Again, this is just incorrect on the merits. On the meta level I think I already agreed that these concerns can be plausible for some wealth taxes, but I don’t think it’s reasonable to set our standard of belief about tax law (or indeed any law) at certainty that some malicious actor out to victimize us personally could have hidden something in legalese. This isn’t the standard of belief we apply to anything else and is not a worthwhile way to understand the tax system! I should also mention that many people are more afraid of legal jargon than is reasonable—legal jargon exists and the distinction between legal and everyday definitions of words is important, but it’s (1) not that hard to recognize when legal jargon is present, and (2), in most cases, not hard to figure out what it means either. I think the rest of this comment will demonstrate why I believe that a smart but legally-uninformed person can usually work out what a law says pretty explicitly.
In order:
Not being able to sell is not a usable defense, in the way you describe it to be, because “unable to sell” and “unwilling to sell” are not legally distinguishable until much further into litigation than anyone wants to get.
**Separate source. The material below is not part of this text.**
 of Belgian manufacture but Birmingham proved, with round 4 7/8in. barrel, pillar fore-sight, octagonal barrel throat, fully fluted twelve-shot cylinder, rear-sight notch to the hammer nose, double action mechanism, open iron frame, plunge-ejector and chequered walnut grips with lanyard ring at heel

It is a usable defense! In some sense it’s the only usable defense. “The government might send you a bill for more money than you can possibly scrounge up and destroy you forever” and “the government might make you prove that you have less money than you do, which is a long process” are not the same claim. In the typical case these are pretty hard to distinguish, because the typical person who can by any metric claim to have a billion dollars in assets is not ever at risk of being unable to find 50 million dollars in cash, and the government is usually strict about things that look like tax evasion. But if you got a bill and realized you can’t afford all of it (which is the atypical case), you could anticipate this and hire a reputable third party to try to find a sale in as reasonable a timeframe as you can manage, which would be the gold standard as far as this sort of defense is concerned, and if you anticipated it, you would not have to get deep into litigation before the case was dropped. (The government doesn’t want to continue prosecuting cases that it knows it will lose! Indeed, the government is in many cases incapable of investigating suspected cases of tax abuse by ultra-wealthy people because even if it’s right, the litigation won’t be worth the payoff.)
The ODA mechanism specifies that in order to use it, you have to give up several of the causes of action that you would want to use to dispute the tax. It also says that the Franchise Tax Board will create a contract, leaving some freedom in what that contract will contain, which likely means giving up additional causes of action.
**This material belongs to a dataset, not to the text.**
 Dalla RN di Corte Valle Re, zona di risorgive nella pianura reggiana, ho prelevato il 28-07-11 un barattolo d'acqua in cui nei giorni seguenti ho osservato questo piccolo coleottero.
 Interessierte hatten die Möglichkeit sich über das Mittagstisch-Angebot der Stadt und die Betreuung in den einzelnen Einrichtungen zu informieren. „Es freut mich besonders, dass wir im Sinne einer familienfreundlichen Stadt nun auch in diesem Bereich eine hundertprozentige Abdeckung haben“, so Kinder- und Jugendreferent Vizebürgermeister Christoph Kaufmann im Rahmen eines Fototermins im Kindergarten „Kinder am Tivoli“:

This is correct but I don’t see how it’s relevant. The government doesn’t want to give people two chances at disputing the correctness of a tax—if the tax is being assessed incorrectly you should do it now, not wait around for a more favorable political climate and for the trail to run cold on which assets were where.
The ODA mechanism specifies that “A taxpayer may only attach assets or groups of assets to an ODA to the extent that the amount of additional tax that would be owed as a result of Section 50301 (without the use of an ODA) would exceed the sum of the combined value of all of the taxpayers’ assets subject to the valuation rules of paragraph (1) of subdivision (c) of Section 50303.” My my read of paragraph (1) of subdivision (c) of Section 50303, this includes all cash, cash equivalents, and easily tradeable commodities. … The definition of “Publicly traded asset” in 50308(j) is “an asset that is traded on an exchange; traded on a secondary market in which sales prices for such asset are frequently updated; available on an online or electronic platform that regularly matches buyers and sellers; or any other asset that the Board determines has a value that is readily ascertainable through similar means.” A literal reading of this definition would seem to include cars used as primary transportation.
(Emphasis mine)
This is where the legal jargon avoidance becomes an issue. Many laws govern publicly-traded assets and so this is an established legal definition. In general, if you want to understand what a law says and you see a phrase that you expect appears in lots of other laws, you shouldn’t go with your best guess at the most natural reading in context, you should look up other laws and rulings to figure out the prevailing definition (or more precisely the prevailing interpretation of that definition). Cars are not publicly-traded assets! They simply are not. (See also 50303.9 which allows the exclusion of up to 5 million dollars worth of assets which are not publicly traded and explicitly lists vehicles as an example of such an asset.)
(The legal justification here, for those curious, is usually that the sales price for a type of car might be easy to determine on average, but the sale price for a specific car depends on the specifics of that car.)
50302(e) says that “No debt or liability, including recourse debts described in subdivision (a), shall reduce net worth if the debt or liability is owed to a related person or persons; or if the existence or amount of the liability is contingent on future events that are substantially uncertain to occur or that are substantially uncertain to occur within the subsequent five years; or if the debt or liability was not negotiated for at arm’s length.” This would exclude convertible notes, which are a common financial instrument used by startup investors.
I think in most cases this would not exclude convertible notes. The type of liability is contingent on future events, but the existence and amount typically isn’t. There are definitely ways you could structure convertible notes to be subject to this clause, but they’re mostly tax evasion—you don’t get to evaluate your company one way when trying to get financing and another way when paying taxes. If you’re consistent about both, you’re basically never subject to clauses like this.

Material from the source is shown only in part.